WHAT IS REQUIRED
What is needed is an exact copy of every line from the one with "表情のあるベロア革素材を使っ" to the end of the entries below, without the pictures.

(Saved data entries)
__________

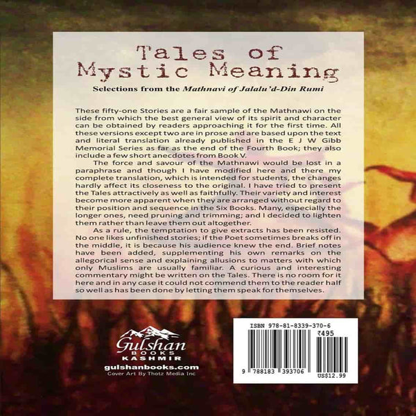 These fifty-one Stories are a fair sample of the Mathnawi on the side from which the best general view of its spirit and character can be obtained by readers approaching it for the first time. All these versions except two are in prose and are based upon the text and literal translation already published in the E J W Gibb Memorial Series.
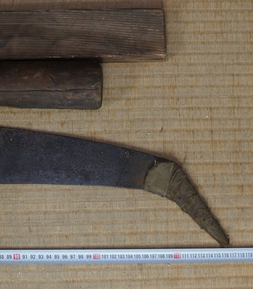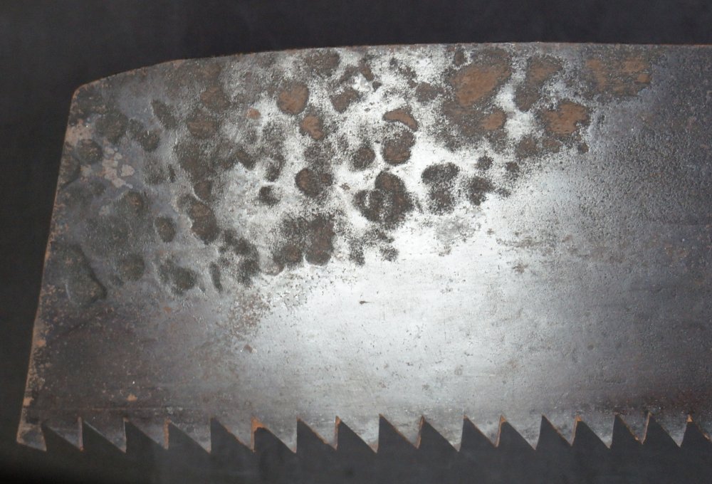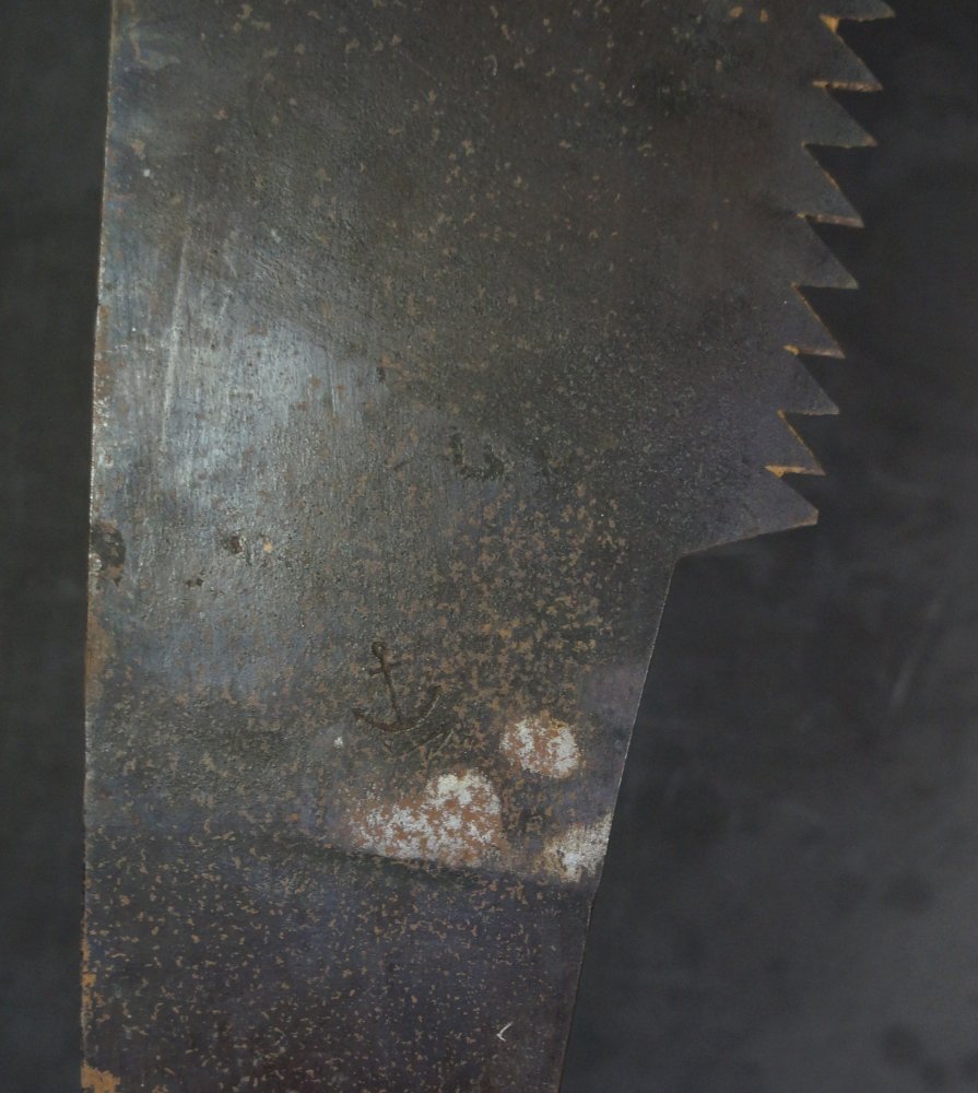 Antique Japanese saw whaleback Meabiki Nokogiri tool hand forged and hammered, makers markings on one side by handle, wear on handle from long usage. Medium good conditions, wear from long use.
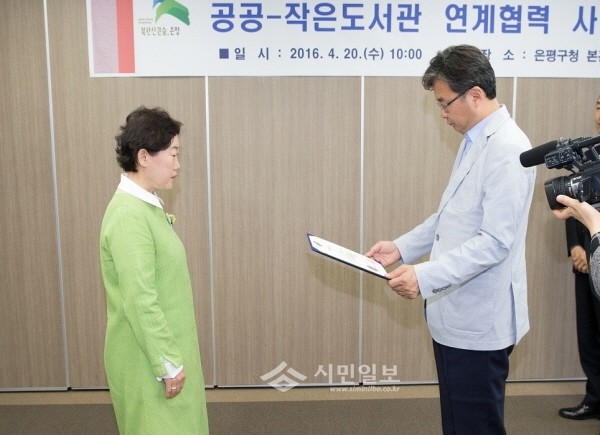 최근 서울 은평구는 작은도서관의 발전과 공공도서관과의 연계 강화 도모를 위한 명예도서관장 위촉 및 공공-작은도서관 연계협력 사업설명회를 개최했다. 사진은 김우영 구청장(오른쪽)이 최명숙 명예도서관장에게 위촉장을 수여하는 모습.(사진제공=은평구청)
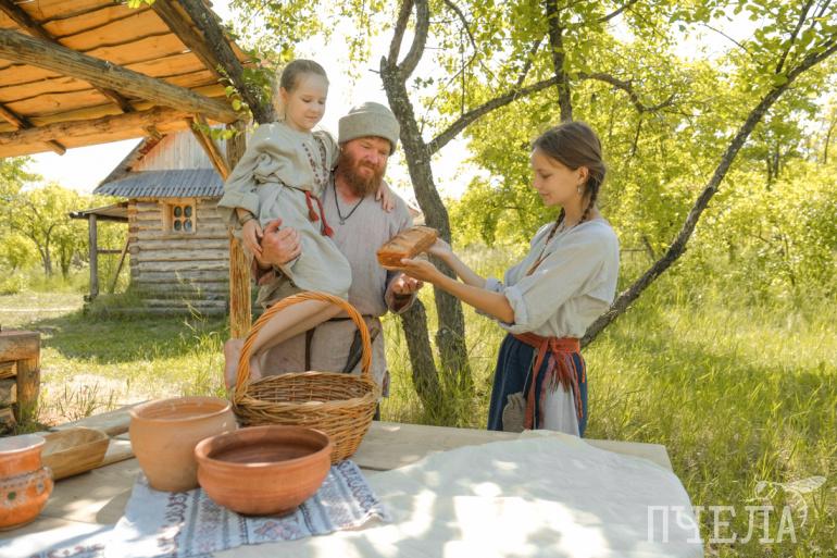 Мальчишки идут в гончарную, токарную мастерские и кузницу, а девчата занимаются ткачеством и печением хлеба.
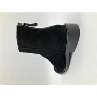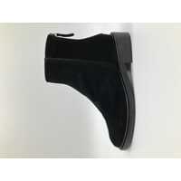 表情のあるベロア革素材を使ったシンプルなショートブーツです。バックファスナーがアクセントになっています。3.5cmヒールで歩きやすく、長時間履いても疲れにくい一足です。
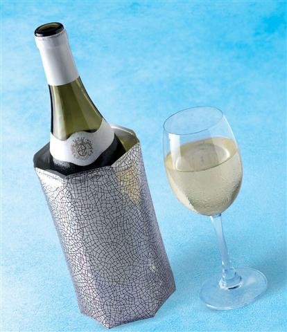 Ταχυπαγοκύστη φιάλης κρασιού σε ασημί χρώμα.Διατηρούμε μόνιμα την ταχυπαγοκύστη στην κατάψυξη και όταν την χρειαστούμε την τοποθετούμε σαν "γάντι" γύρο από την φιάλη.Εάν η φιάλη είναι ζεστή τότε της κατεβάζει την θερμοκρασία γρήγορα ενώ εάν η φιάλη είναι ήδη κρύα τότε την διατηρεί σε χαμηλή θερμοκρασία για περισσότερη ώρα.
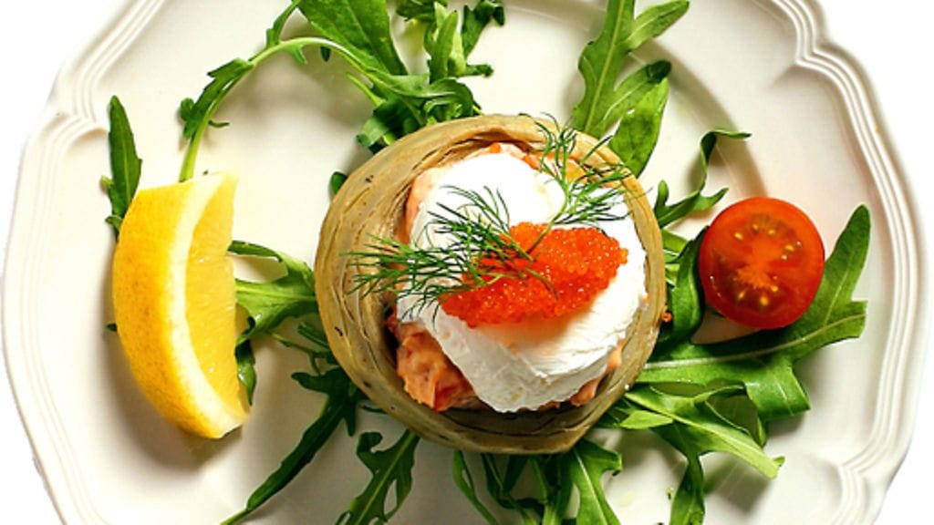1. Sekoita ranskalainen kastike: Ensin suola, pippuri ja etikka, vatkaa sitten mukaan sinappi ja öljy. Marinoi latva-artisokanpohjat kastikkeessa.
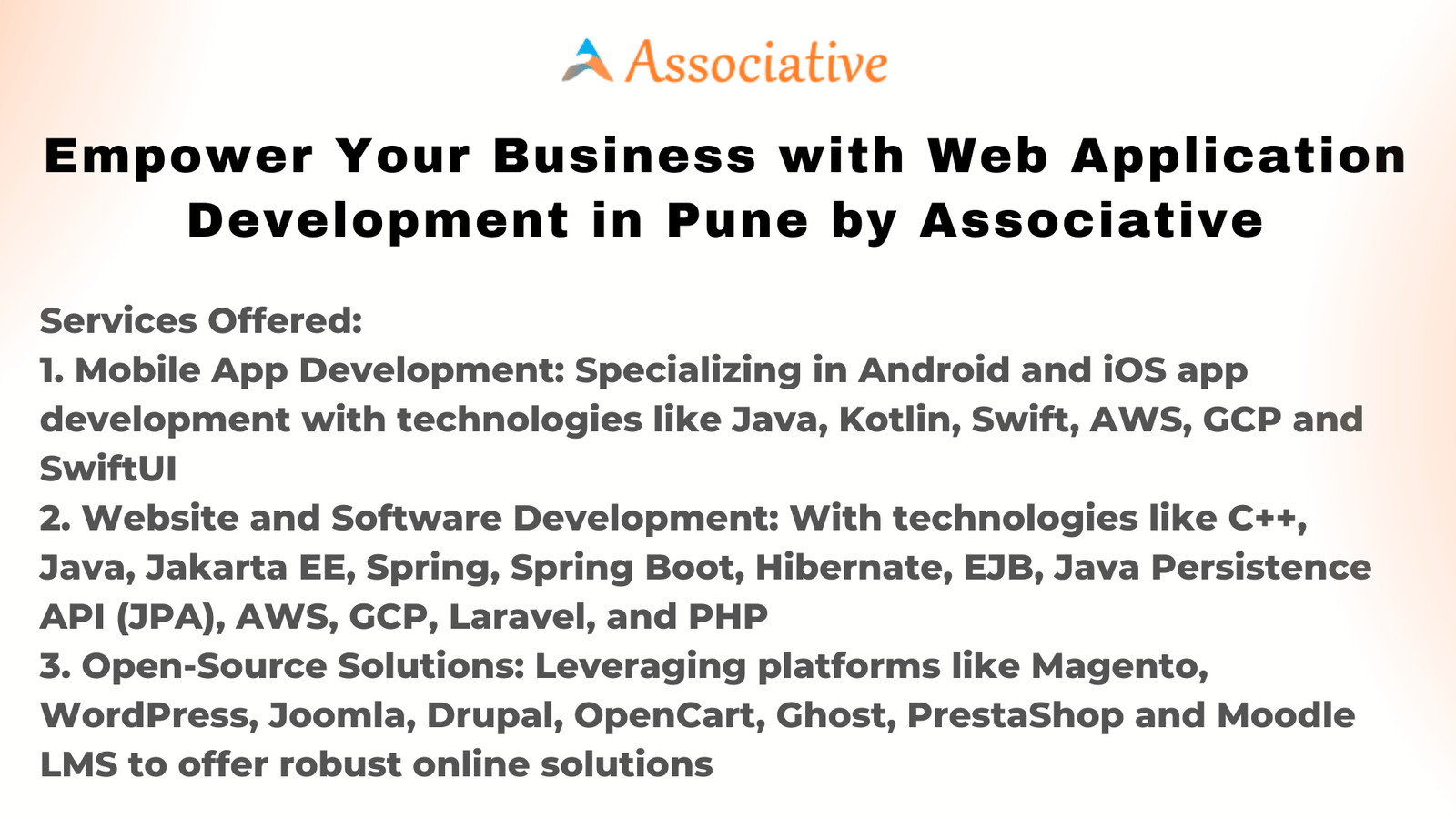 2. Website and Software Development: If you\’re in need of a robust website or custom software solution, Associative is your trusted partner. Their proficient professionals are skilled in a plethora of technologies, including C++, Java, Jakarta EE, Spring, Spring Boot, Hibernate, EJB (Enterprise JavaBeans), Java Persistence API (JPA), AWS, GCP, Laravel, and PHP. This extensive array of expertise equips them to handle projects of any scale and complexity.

__________

FINISHED EXERCISE
 表情のあるベロア革素材を使ったシンプルなショートブーツです。バックファスナーがアクセントになっています。3.5cmヒールで歩きやすく、長時間履いても疲れにくい一足です。
 Ταχυπαγοκύστη φιάλης κρασιού σε ασημί χρώμα.Διατηρούμε μόνιμα την ταχυπαγοκύστη στην κατάψυξη και όταν την χρειαστούμε την τοποθετούμε σαν "γάντι" γύρο από την φιάλη.Εάν η φιάλη είναι ζεστή τότε της κατεβάζει την θερμοκρασία γρήγορα ενώ εάν η φιάλη είναι ήδη κρύα τότε την διατηρεί σε χαμηλή θερμοκρασία για περισσότερη ώρα.
1. Sekoita ranskalainen kastike: Ensin suola, pippuri ja etikka, vatkaa sitten mukaan sinappi ja öljy. Marinoi latva-artisokanpohjat kastikkeessa.
 2. Website and Software Development: If you\’re in need of a robust website or custom software solution, Associative is your trusted partner. Their proficient professionals are skilled in a plethora of technologies, including C++, Java, Jakarta EE, Spring, Spring Boot, Hibernate, EJB (Enterprise JavaBeans), Java Persistence API (JPA), AWS, GCP, Laravel, and PHP. This extensive array of expertise equips them to handle projects of any scale and complexity.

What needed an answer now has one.